I agree if they simultaneously agree that they don’t expect the post to be cited. These can’t posture themselves as academic artifacts (“Citing this work” indicates that’s the expectation) and fail to mention related work. I don’t think you should expect people to treat it as related work if you don’t cover related work yourself.
Otherwise there’s a race to the bottom and it makes sense to post daily research notes and flag plant that way. This increases pressure on researchers further.
The prior work that is covered in the document is generally less related (fine-tuning removal of safeguards, truth directions) compared to these directly relevant ones. This is an unusual citation pattern and gives the impression that the artifact is making more progress/advancing understanding than it actually is.
I’ll note pretty much every time I mention something isn’t following academic standards on LW I get ganged up on and I find it pretty weird. I’ve reviewed, organized, and can be senior area chair at ML conferences and know the standards well. Perhaps this response is consistent because it feels like an outside community imposing things on LW.
This is inaccurate, and I suggest reading our paper: https://arxiv.org/abs/2310.01405
In our paper and notebook we show the models are coherent.

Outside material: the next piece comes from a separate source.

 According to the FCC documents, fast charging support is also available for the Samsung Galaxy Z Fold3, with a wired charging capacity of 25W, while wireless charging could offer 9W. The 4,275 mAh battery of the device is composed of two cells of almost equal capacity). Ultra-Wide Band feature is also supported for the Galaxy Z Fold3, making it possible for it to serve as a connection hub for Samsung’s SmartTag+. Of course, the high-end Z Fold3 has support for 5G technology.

We did investigate projection too (we use it for concept removal in the RepE paper) but didn’t find a substantial benefit for jailbreaking.
We use harmful/harmless instructions.
In the RepE paper we target multiple layers as well.

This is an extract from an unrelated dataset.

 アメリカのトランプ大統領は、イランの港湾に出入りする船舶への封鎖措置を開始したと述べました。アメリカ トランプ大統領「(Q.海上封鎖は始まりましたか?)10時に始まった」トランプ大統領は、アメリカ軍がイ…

The paper used Vicuna, the notebook used Llama 2. Throughout the paper we showed the general approach worked on many different models.
We do weight editing in the RepE paper (that’s why it’s called RepE instead of ActE).
I looked at the paper again and couldn’t find anywhere where you do the type of weight-editing this post describes (extracting a representation and then changing the weights without optimization such that they cannot write to that direction).
The LoRRA approach mentioned in RepE finetunes the model to change representations which is different.
I agree you investigate a bunch of the stuff I mentioned generally somewhere in the paper, but did you do this for refusal-removal in particular? I spent some time on this problem before and noticed that full refusal ablation is hard unless you get the technique/vector right, even though it’s easy to reduce refusal or add in a bunch of extra refusal. That’s why investigating all the technique parameters in the context of refusal in particular is valuable.